An investigation by the firm RedAccess has found more than 5,000 applications created with tools vibe coding which practically lack authentication. Anyone who stumbles upon its URL can enter. Of those 5,000, 2,000 appeared to contain private data upon inspection.
The finding covers apps generated with Lovable, Replit, Base44 and Netlify, four of the platforms that have most popularized describing a program with words and letting a LLM write it.
Why is it important. The promise of vibe coding is that anyone, without knowing how to program, can build software. The catch is that this same “anyone” also doesn’t know what questions to ask an application before releasing it on the Internet.
The result is a new category of breaches caused not by careless employees or advanced attackers, but by people who have thrown together an internal tool in an afternoon without going through anyone on the security team.
In detail. Researchers have located these applications by doing normal searches on Google and Bing, combining the domains of each platform with generic terms. Nothing of hacking: It’s more like reverse engineering a search engine.

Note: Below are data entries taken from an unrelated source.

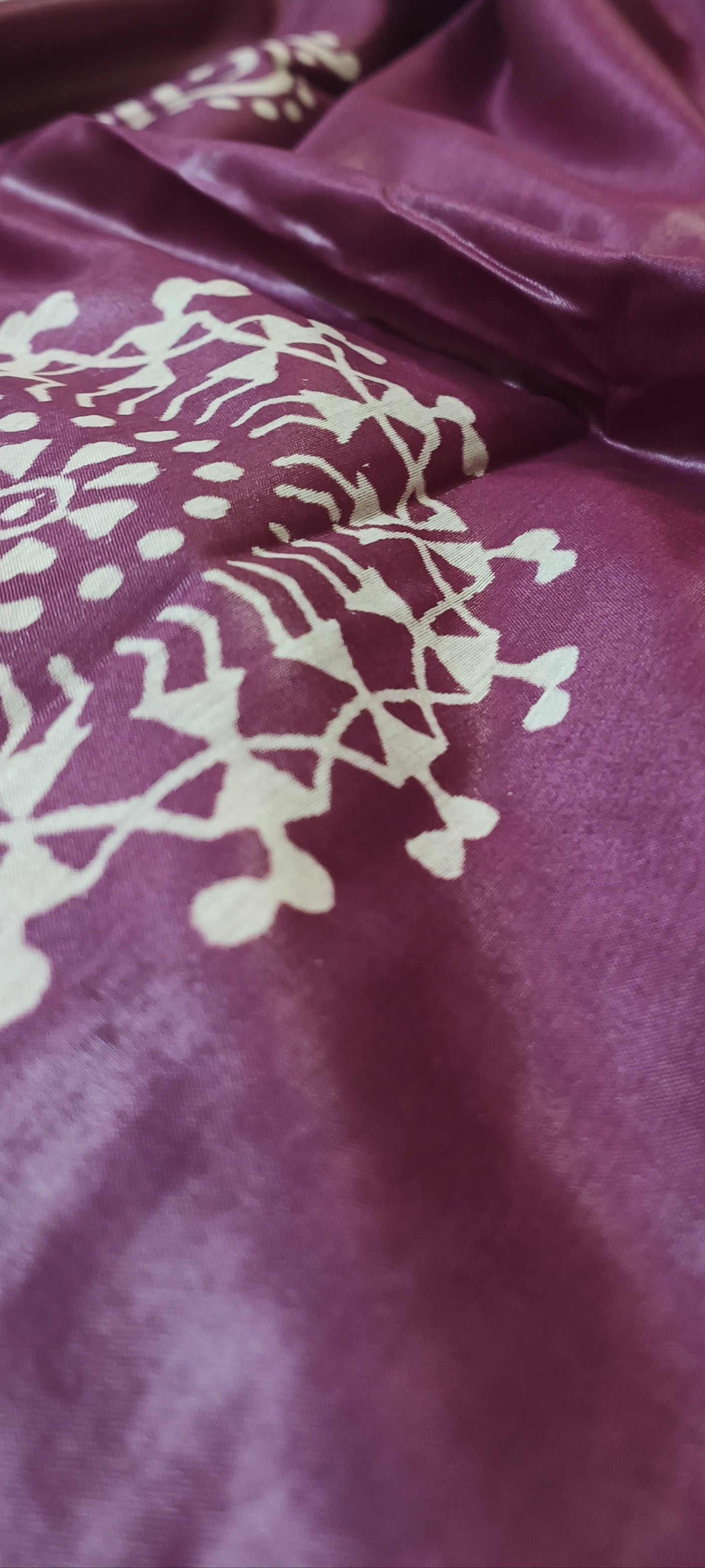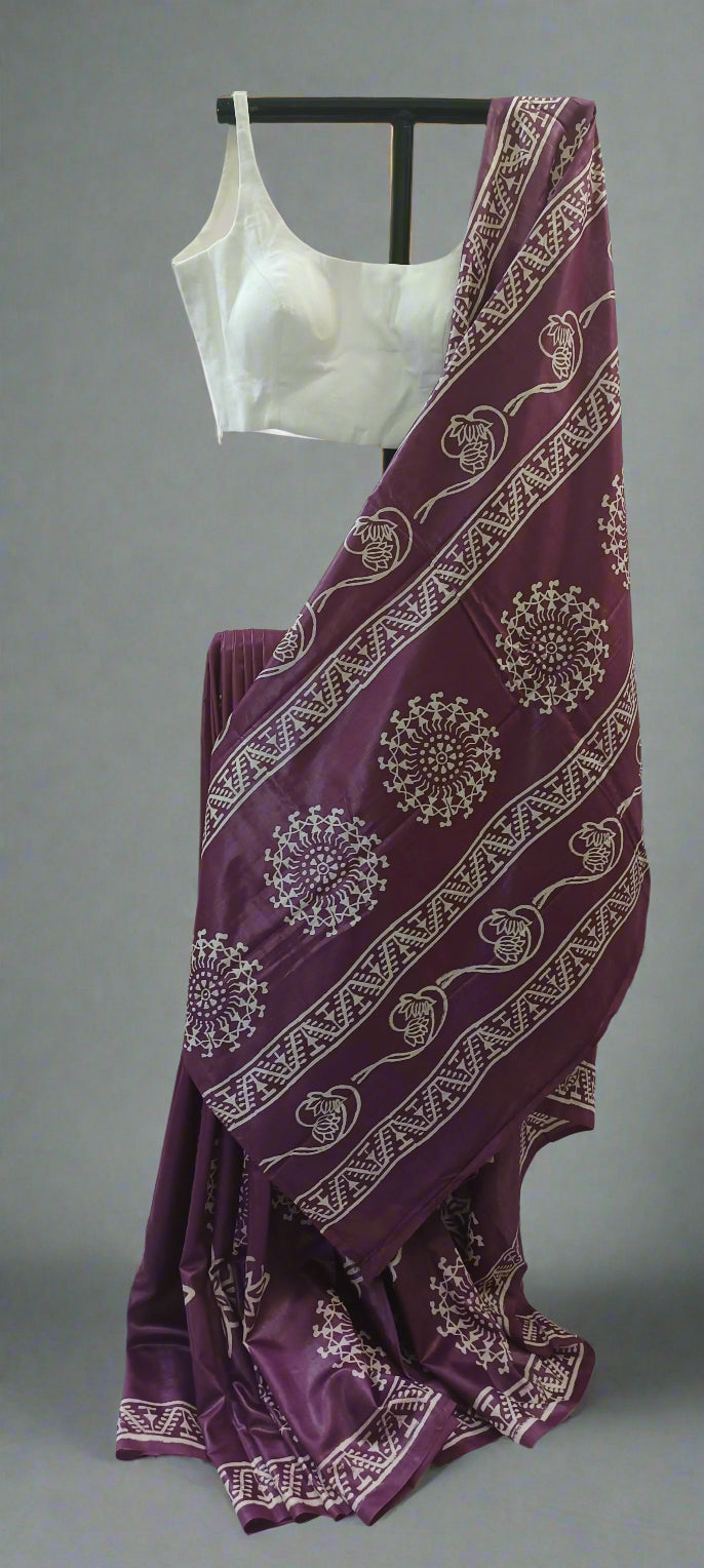 Drape yourself in heritage with HIYA – Anurakta Jamuni, a cotton silk Bishnupuri saree block-printed in Bengal’s age-old craft tradition. The deep jamun hue reflects quiet power and grace, while the off-white motifs echo ancient symmetry and folk memory.
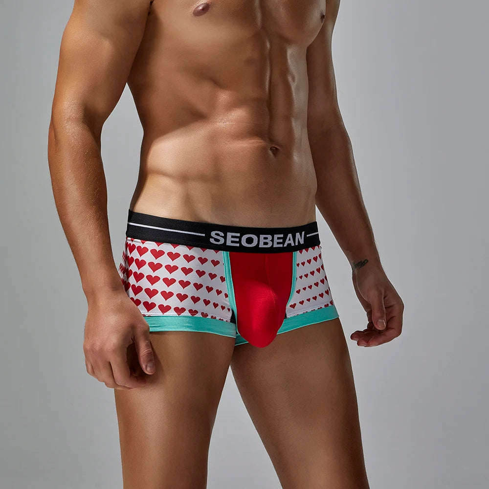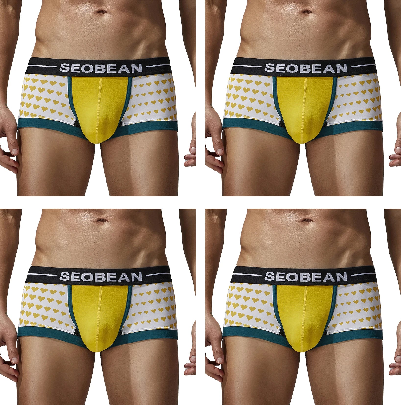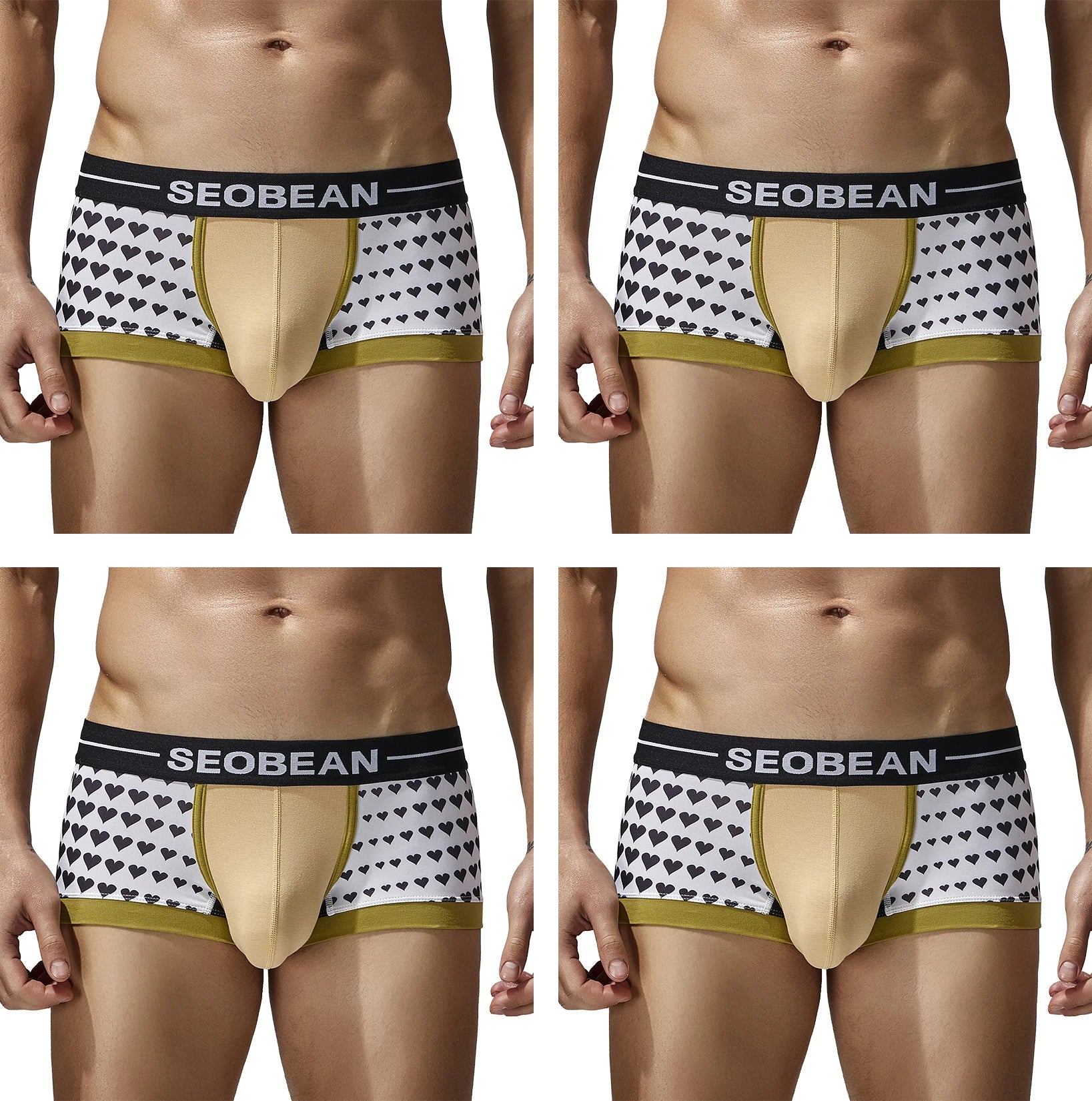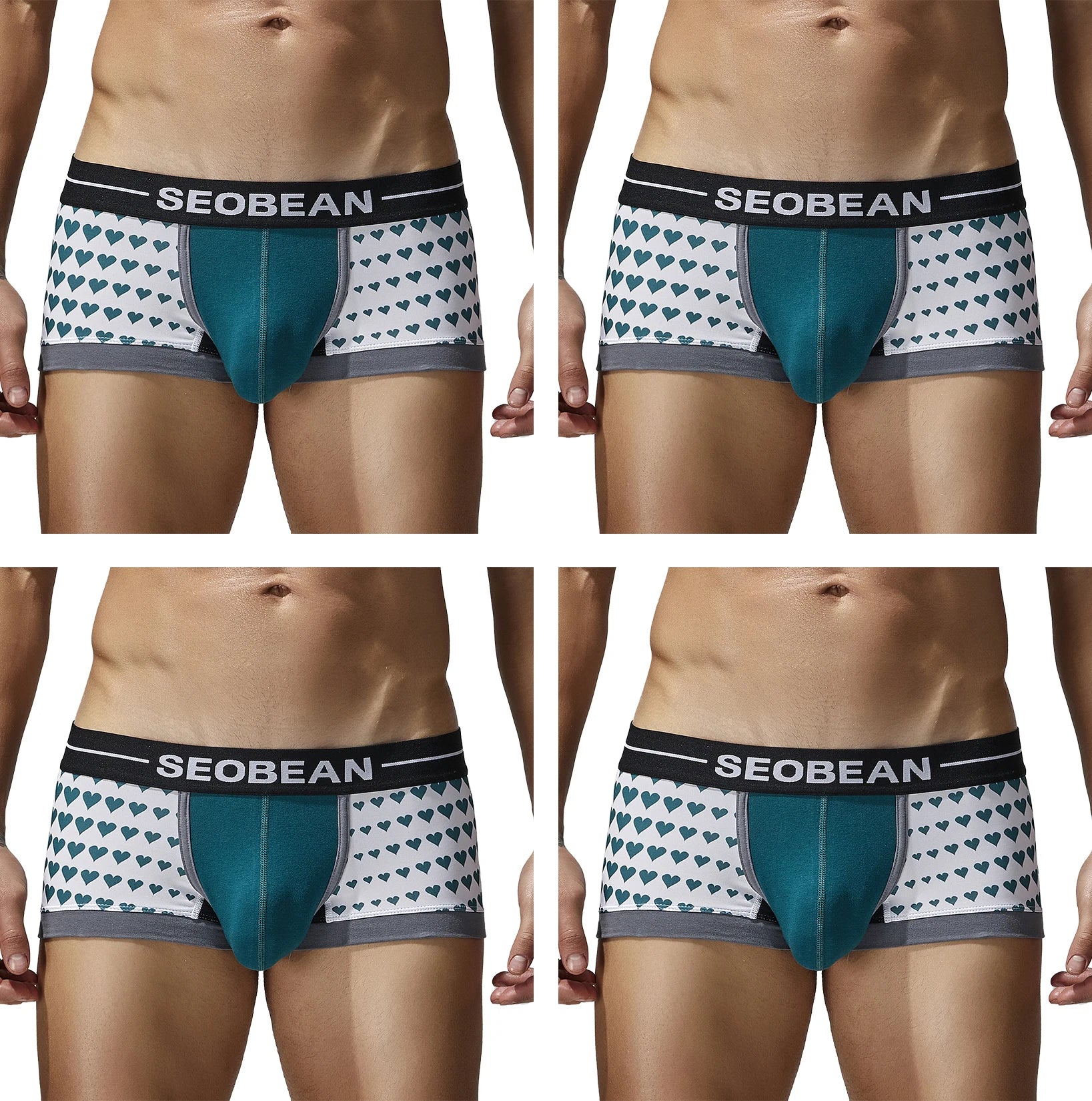 Seobean 4-Pack Men's Soft Comfortable Fashion Heart Boxer Briefs Lightweight Underwear for Daily Wear
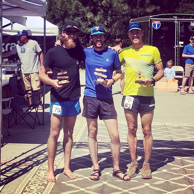 Two young guys went with me and we’d dice it up for a quite while before I’d work to pull away in the final miles of the race. It was a super fun event and exactly what I needed to clear my head after Western States. Cruising on the road into the finish line, I end up snagging the win and lowered the 2012 course-record by four minutes (7:28/mi pace!). 2nd place, Terence Hurley (31), also went under the old CR, now on a slightly harder, longer course. And 3rd place, David Elk (22), missed the CR by only a couple seconds. This is the power of competition. We pushed each other so hard out there and because of it we all ran at—or damn close to—our full potential that day. So fun.
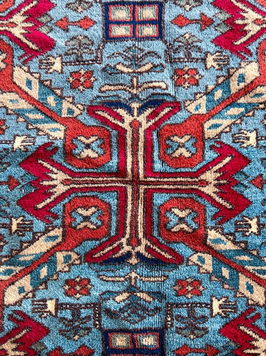 Sky Blue Garrus Bijar • Handmade Floral Rug (4'10"x6'8")
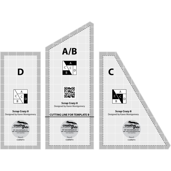 Creative Grids Scrap Crazy Templates Quilt Ruler – CGRMT4 – Made in USA, 6in x 9in, Non-Slip Grip Acrylic Quilting, Sewing, Crafting, Patchwork Ruler & Template
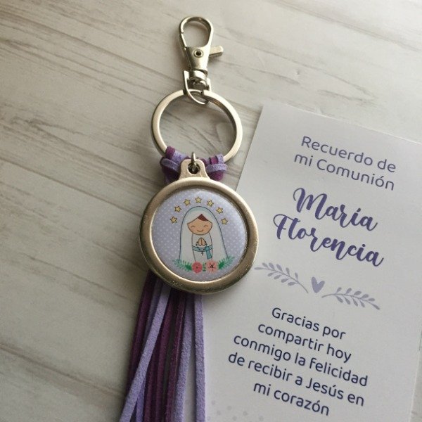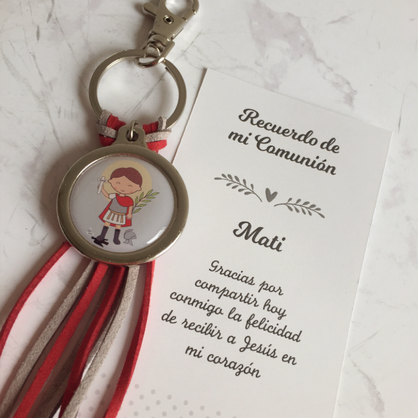 SOUVENIR LLAVERO DE GAMUZA CON TARJETA DE RECUERDO PERSONALIZADO EN BOLSITA DE CELOFÁN.
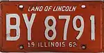 67. "White, Orange To Be License Colors In 1962". Chicago Tribune. July 25, 1961. p. B5. The secretary of state's office said the color combination was chosen from a list of 22 recommended by the University of Illinois engineers who prompted the change this year to the numeral-letter system. . . . The colors are not those of a college or university as has been the custom of recent years. No college or university requested its colors be used in 1962.
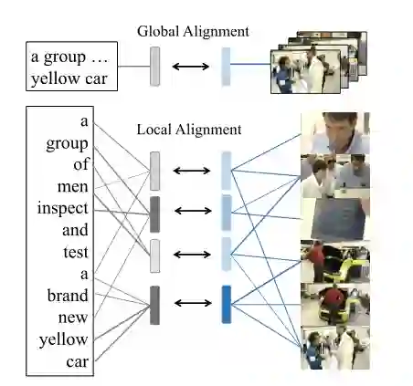 在本文中,作者提出了一个局部-全局的序列对齐方法。从局部角度,作者并没有进行一对一的成对匹配,而是设置了共享主题,这些主题在图像和文本中共享,然后最小化相同主题的图像和文本特征之间的距离,实现局部的对齐。从全局角度,只需要将全局的视频和文本特征进行相似度比较,作为局部对齐的一种补充度量和额外监督。

What appeared behind those URLs included hospital quadrants with doctor data, company strategy presentations, complete records of chatbot conversations with customers (with names and telephone numbers), and freight books from transport companies. In some cases, access even allowed them to gain administrator privileges and expel others.
Between the lines. The platforms involved have responded with the predictable argument: it is the user’s fault. Replit remembers that its apps can be marked as private with one click. Base44 maintains that its access controls are robust and that disabling them is a conscious decision. Lovable points out that its role is to provide tools, not configure them for anyone.
It is a valid argument and, above all, comfortable. It is also the same one that Amazon used with the buckets Misconfigured S3 leaking Verizon data or from WWE: the setting was there, but the user didn’t find it.
The context. He vibe coding takes an old problem to a new level. Every time a layer of abstraction has democratized a craft (like spreadsheets, the wrappers of AI or web templates), the newly arrived group has arrived without the baggage of good practices that the previous one had.
What changes now is the speed. Someone from a non-technical department can create a tool in two minutes and upload it to production without it going through IT.
Yes, but. The AI models that generate the code are not neutral agents. They do what is asked of them, no more, no less. If no one tells them “protect this in X way and implement Y,” they won’t do it. Security by default is still not a learned behavior in most of these tools, and that is a design decision of the platforms, not the end user.
The consequence is foreseeable. There are going to be many more leaks like the ones RedAccess has caught before the industry internalizes that a “publish” button should not coexist with a privacy setting hidden three menus below.